The battle over the future also is big.

I recently returned from several days in the People’s Republic of China. It’s always a fascinating place with a future as yet unresolved. The country is growing economically, but no one really believes the government’s statistics. The “one child” policy has created a birth dearth that may leave the PRC old before it grows rich. Rising domestic confidence has yielded growing regional assertiveness, sparking an ever stronger negative reaction from once complacent neighbors.

Almost certainly Beijing will end up an influential global player. But when—and whether—it will battle America for world domination is far less clear. The PRC’s international future is not yet determined.

Neither is China’s domestic destiny. Politics remains authoritarian, and it isn’t obvious that democracy would yield a meek and mild Beijing. Nationalism could become an even more dangerous force without the current government’s power to close off discussion. Nor do wealthier and better educated urban residents necessarily want to share power with the mass of farmers and rural dwellers who dominate the PRC’s interior.

Nevertheless, the young are restless. Those I met had little patience with the Communist Party’s monopoly of power and determination to censor. Many hoped to go to America for school, for both its educational opportunities and personal freedoms.
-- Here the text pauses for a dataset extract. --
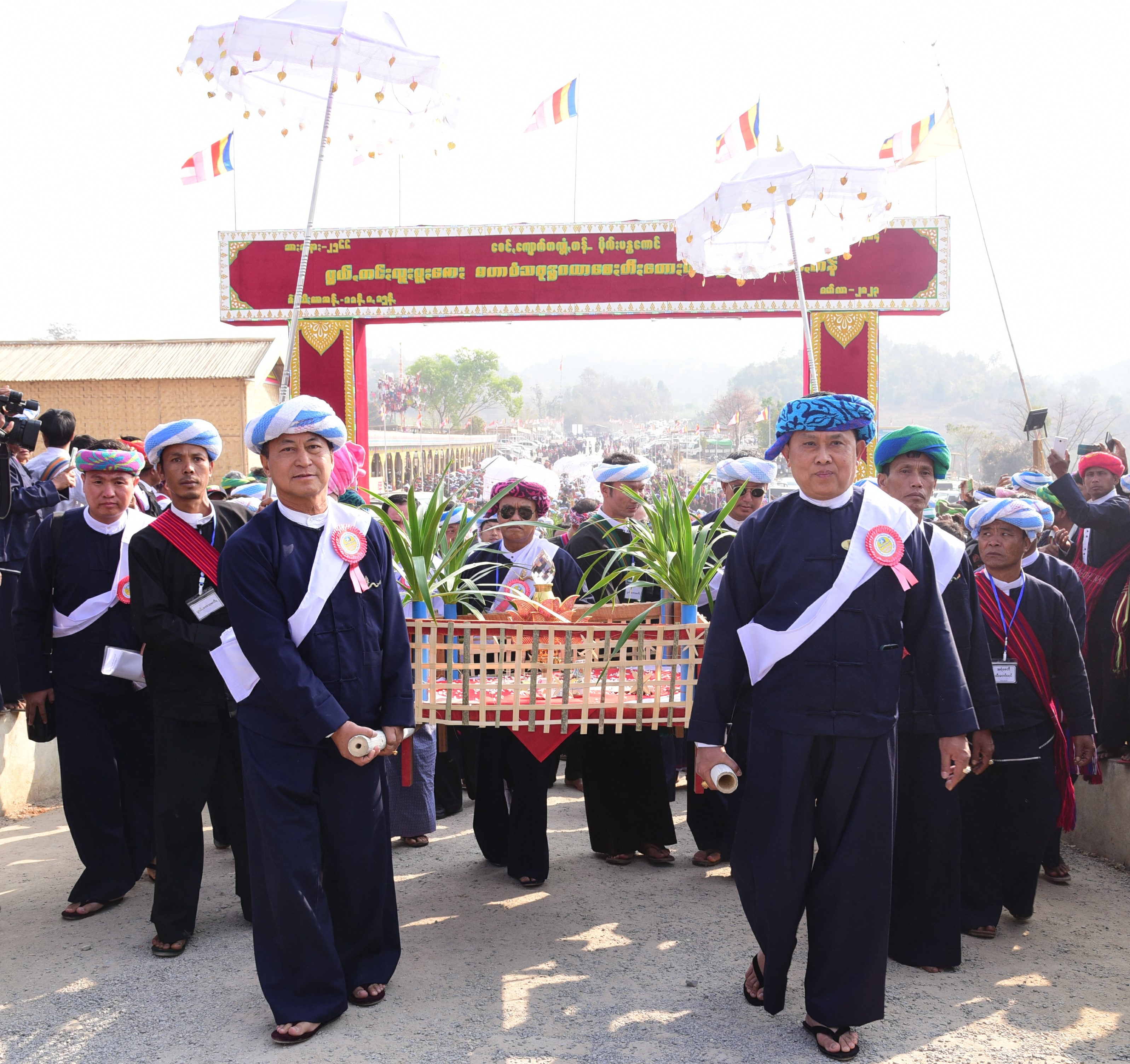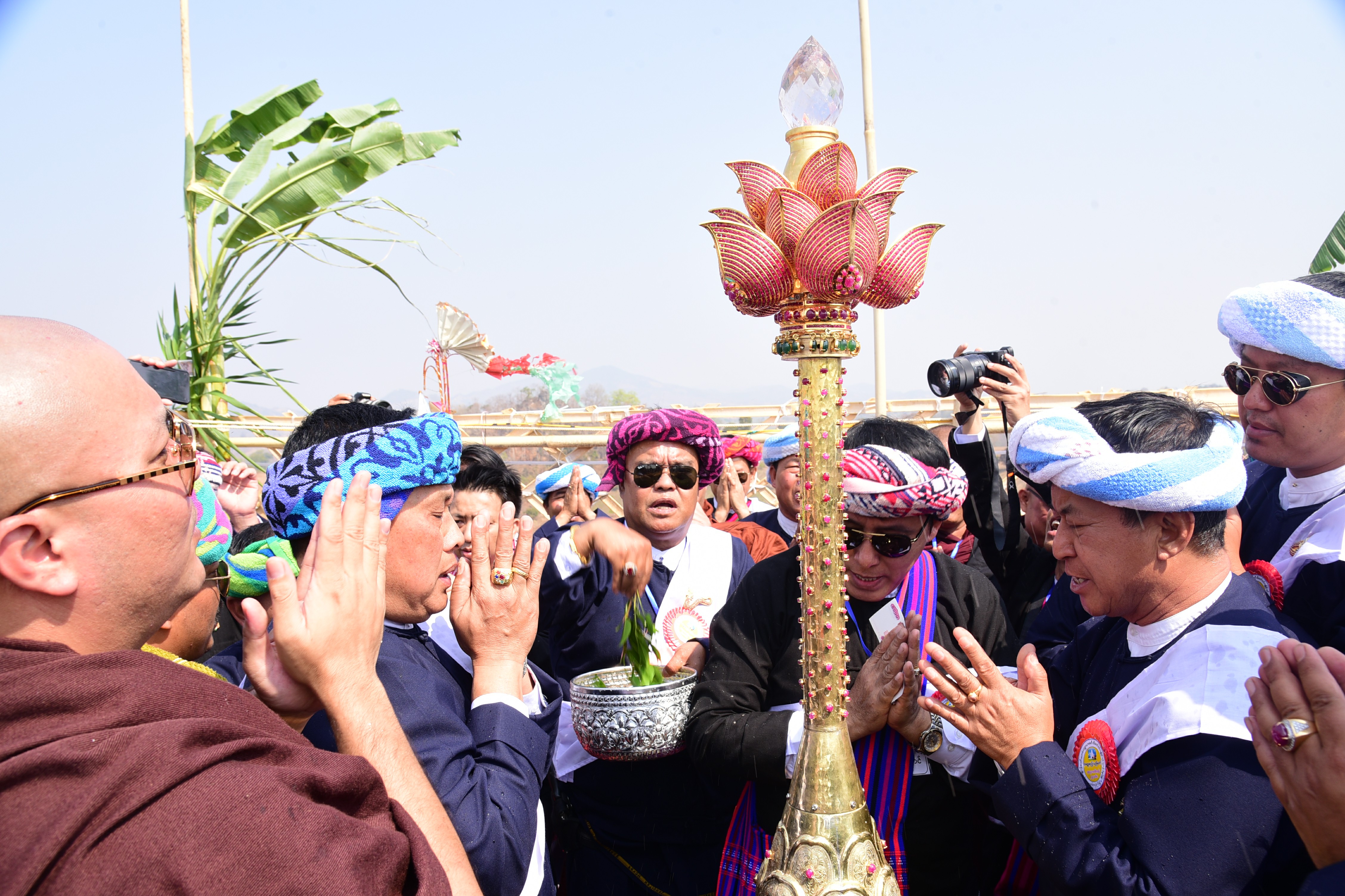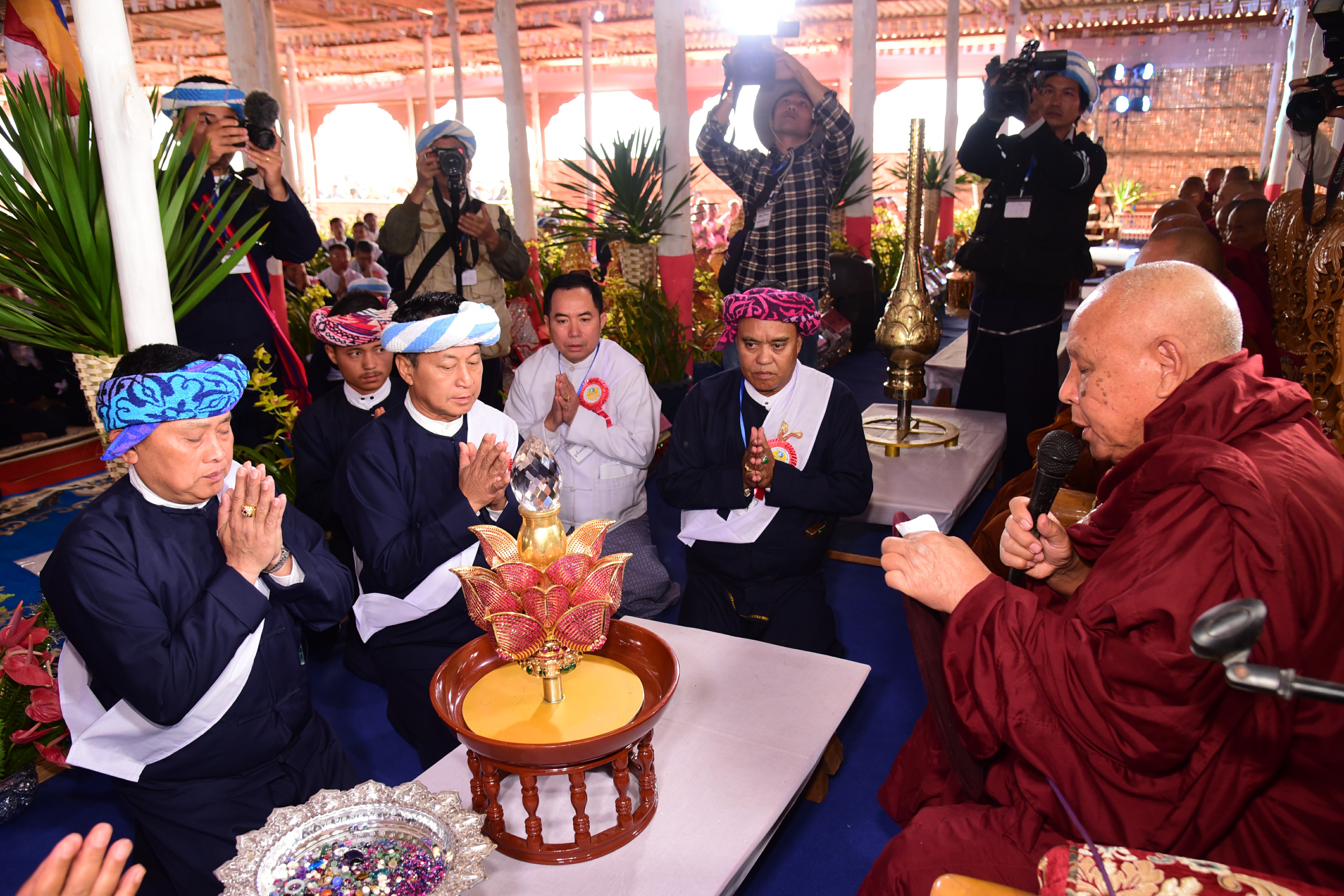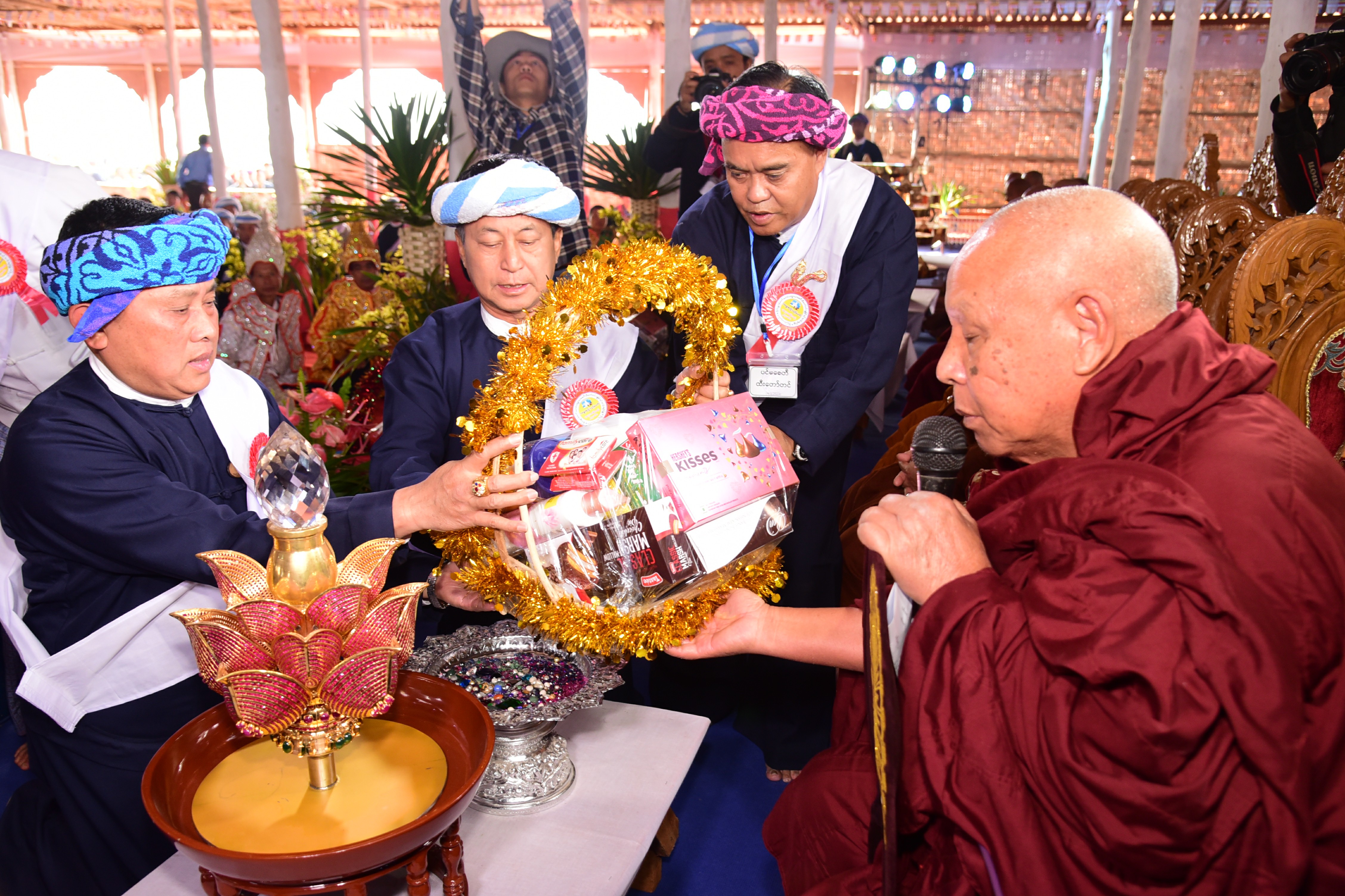 အခမ်းအနားတွင် ဆရာတော်၊ သံဃာတော်နှင့် နိုင်ငံတော် စီမံအုပ်ချုပ်ရေးကောင်စီအဖွဲ့ဝင် ဦးခွန်စံလွင်၊ ရှမ်းပြည်နယ်ဝန်ကြီးချုပ် ဦးအောင်ဇော်အေး အမှူးပြုသော ဧည့်ပရိသတ်တို့က နမောတဿ သုံးကြိမ်ရွတ်ဆို ဘုရားကန်တော့ဖွင့်လှစ်ပြီး ပအိုဝ်းအမျိုးသားခေါင်းဆောင် အဂ္ဂမဟာသီရိသုဓမ္မ မဏိဇောတဓရ ဝဏ္ဏကျော်ထင် ဦးအောင်ခမ်းထီက သမ္မာဒေဝနတ်ဗြဟ္မာအား ပင့်ဖိတ်ပေးသည်။ ဆက်လက်၍ တောင်ကြီးမြို့၊ မူလမင်းကွန်း ကျောင်းတိုက် ဦးစီပဓာန နာယက နိုင်ငံတော်သြဝါဒါစရိယ၊ အဂ္ဂမဟာပဏ္ဍိတ ဘဒ္ဒန္တပညာသီရိထံမှ ပရိသတ်များက ကိုးပါးသီလ ခံယူဆောက်တည်ကြပြီး ဆရာတော်၊ သံဃာတော်များက ပရိတ်တရားတော်များ ရွတ်ပွားချီးမြှင့်သည်။

Moreover, they weren’t afraid to speak out in front of others.

For instance, there is a legislature in Beijing, the National People’s Congress, which meets briefly every year to ratify important CCP decisions. The assembly uses a spacious building alongside Tiananmen Square; every province has a room to decorate in order to showcase local culture. The Great Hall of the People hosts tours when the NPC is not in session (and no one else is filling in), which is most of the time. The empty hall thus contributes more to Chinese well-being than does the NPC.

I was talking with some students about economic policy and how politics works (and fails!) in America. One young man blurted out: “I prefer elections, like in America for Congress.” He apparently was less enthused about the NPC. I avoided an Oprah-like “how does political repression make you feel?” since I had been asked to steer clear of controversy. However, it was obvious what he thought.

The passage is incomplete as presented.